**Work order**
Extract each line of the material that follows exactly and omit its pictures.

*** Opening of Recorded information ***

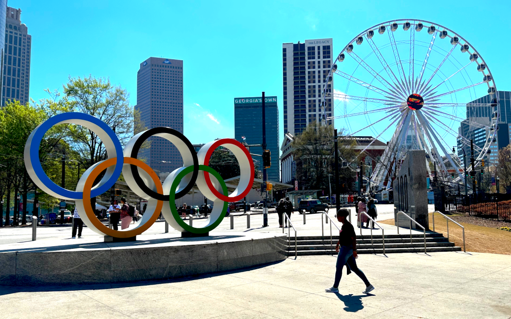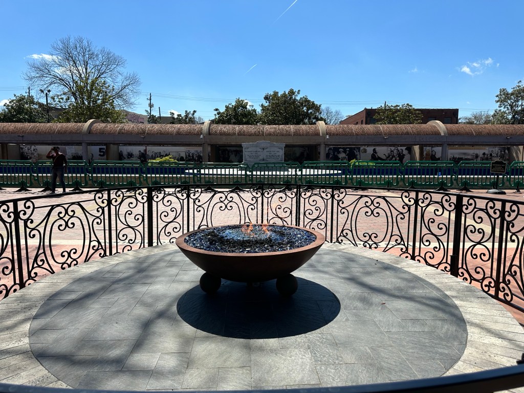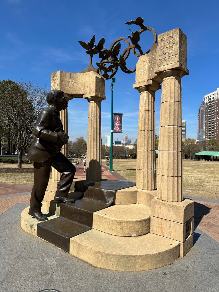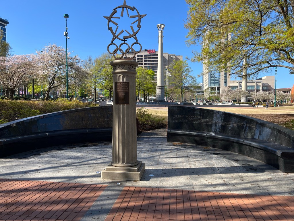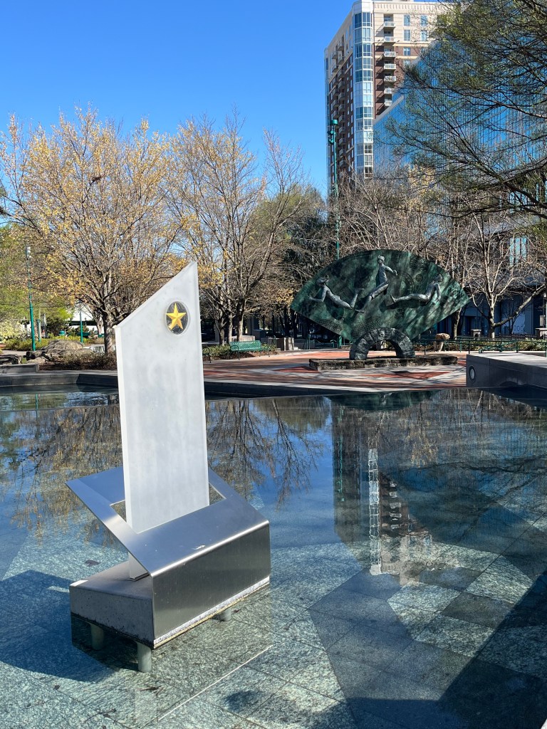 J’ai été agréablement surprise par la ville d’Atlanta, où l’on voit beaucoup d’afro-américains notamment à tous les postes de travail (même si parfois il y a aussi très nombreux SDF). Nous avons commencé notre visite par le parc centenaire ayant accueilli les jeux olympiques de 1996. Le parc est magnifique alliant jardins, fontaines, jets d’eau, sculptures, oeuvres d’art… De plus, le temps était magnifique !!!
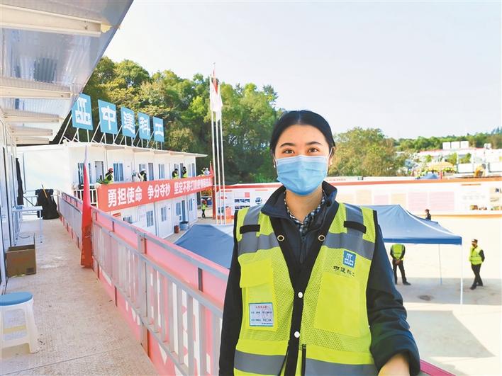 在最近落成的深圳三院应急院区建设这场激动人心的大会战中,有不少女性员工活跃在施工一线岗位,被工友们亲切地称为“工地上的铿锵玫瑰”。中建科工华南大区招采中心高级经理孔卉楠就是其中一员。
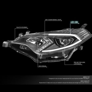 14-16 Toyota Corolla LED DRL Projector Headlights – Black Housing Clear Corner

*** Close of Recorded information ***

**Worked solution**
 J’ai été agréablement surprise par la ville d’Atlanta, où l’on voit beaucoup d’afro-américains notamment à tous les postes de travail (même si parfois il y a aussi très nombreux SDF). Nous avons commencé notre visite par le parc centenaire ayant accueilli les jeux olympiques de 1996. Le parc est magnifique alliant jardins, fontaines, jets d’eau, sculptures, oeuvres d’art… De plus, le temps était magnifique !!!
 在最近落成的深圳三院应急院区建设这场激动人心的大会战中,有不少女性员工活跃在施工一线岗位,被工友们亲切地称为“工地上的铿锵玫瑰”。中建科工华南大区招采中心高级经理孔卉楠就是其中一员。
 14-16 Toyota Corolla LED DRL Projector Headlights – Black Housing Clear Corner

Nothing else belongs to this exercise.